How Abiotic and Biotic Factors Interact
These two categories aren’t independent. They constantly shape each other. Sunlight (abiotic) powers photosynthesis in plants (biotic), which produce oxygen (abiotic) that animals (biotic) breathe. Rainfall softens soil, which allows animals like wild pigs to root through the ground for food. Precipitation also drives plant growth, which in turn supports herbivores and the predators that depend on them.
The interactions can be surprisingly specific. In forest ecosystems, canopy openness controls how much light hits tree bark, and that light level determines which microorganisms thrive on the bark surface. Research on Central European forests found that more light increased fungal diversity on bark but actually decreased algal and bacterial diversity, likely because those organisms are adapted to low-light conditions and can be damaged by excess UV radiation. Meanwhile, algae living on bark produce food through photosynthesis, and bacteria living alongside them fix nitrogen that the algae can’t produce on their own. One abiotic shift (more light) reshuffles the entire community of tiny organisms.
Limiting Factors and Species Distribution
Abiotic factors often act as gatekeepers, determining where a species can and can’t live. When a single factor falls outside the range an organism can tolerate, it becomes a “limiting factor.” A cactus can’t survive in a swamp because water availability is too high. A tropical fish can’t survive in Arctic waters because temperature is too low.
Studies on species distribution consistently show that precipitation and water availability are among the strongest abiotic predictors of where animal populations thrive. Research tracking wild pig populations across their global range found that rainfall during both wet and dry seasons, along with evapotranspiration rates (a measure of how much water moves from soil and plants into the atmosphere), were top predictors of population density. But biotic factors mattered just as much: the number of large predator species in an area reduced pig density, and the amount of vegetated land increased it. Where a species ends up living is the result of abiotic and biotic pressures working simultaneously.
Levels of Ecological Organization
Biotic factors organize into a hierarchy that ecologists use to study life at different scales. At the smallest level is the individual organism. A group of individuals from the same species living in the same area forms a population. Multiple populations of different species interacting in one area make up a community. When you combine that community with all the abiotic factors in the area, you have an ecosystem. And the sum of all ecosystems on Earth, every place where life exists, is the biosphere.
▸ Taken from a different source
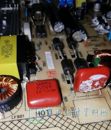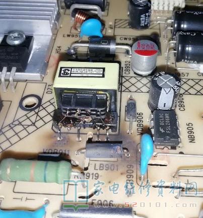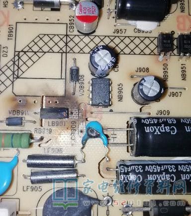 带回电源板仔细观察烧黑的位置,应该是短路引起。用万用表测变压器初级已经开路了,吸收回路没有异常,其他两组线圈正常,测LB901正常,测次级整流管没有短路,测 FSL206MR的6、7、8脚对地电阻约300多k,这个阻值不太正常,看到旁边有个小电容CB909,就拆下来一看,已经自暴自弃了,复测678脚对地电阻为数兆欧,看来这电容器应该是导致变压器烧黑的祸首了。我在厂里拆过不少开关电源,都是没有这个电容,这个容妹妹的牺牲,让我做梦都在想她的作用是啥,由于变压器初级已经有续流回路,FSL206MR由次级供电,所以一个大胆的想法产生了:变压器通过此电容充电,次级产生电压供给FSL206MR工作,这相当于是一个启动电容,想到了这,我不禁大喜。为了证实我的猜想,我把电路图发给几个设计过开关电源的同学请教,很快就被打脸了,他们一致认为这是Y电容,在此电路中没有她也能正常工作,既然如此,为保护变压器,那就不要了。现在的问题是变压器如何修复?看到初级和次级是分开槽位的,重绕初级不用拆完全部,那就绕。拆下变压器,用烙铁加热磁芯后无损分开,拆下线圈数得66圈,找出珍藏的电磁阀线圈,看着线径差不多就直接上了,绕好后在焊接铜丝的时候不小心摔地上,把磁芯摔断了,网上查了一下加点胶水就包起来了。修好变压器后再次检查主电路,发现整流后的两个电容CF901和CF902鼓包了,拆下测容量跟原来没差太多,核对图纸发现与图纸所标容量不一致,以实际为准吧,淘了几个回来换上通电,测5.1v电压为5.2V,PFC电压310V,从5.1V输出接1k电阻到PS-ON强制启动,另两路输出分别为11.8v和24v,pfc电压390v,万事俱备,就差装机了。

This hierarchy matters because processes at one level ripple through others. A change in soil pH (abiotic, ecosystem level) might reduce plant diversity (community level), which shrinks herbivore populations (population level), which forces individual predators to change their hunting behavior (organism level).
How Human Activity Shifts the Balance
Human activity is now one of the most powerful forces altering abiotic factors worldwide. Agriculture changes soil chemistry and water content. Industrial emissions lower the pH of rain and ocean water. Urban development raises local temperatures and redirects water flow. These abiotic shifts then cascade into biotic consequences: species lose habitat, food webs destabilize, and biodiversity declines.
Research in China’s West Liao River Basin found that human activities reduced ecosystem health both directly and indirectly. The indirect path was especially telling: human land use lowered soil pH and soil water content, which in turn reduced plant diversity, which then weakened overall ecosystem function. In that study, human activity was a stronger driver of ecosystem decline than drought, one of the harshest natural abiotic stressors. The takeaway is that the line between abiotic and biotic isn’t just a classroom distinction. Disrupting the non-living environment inevitably disrupts the living one.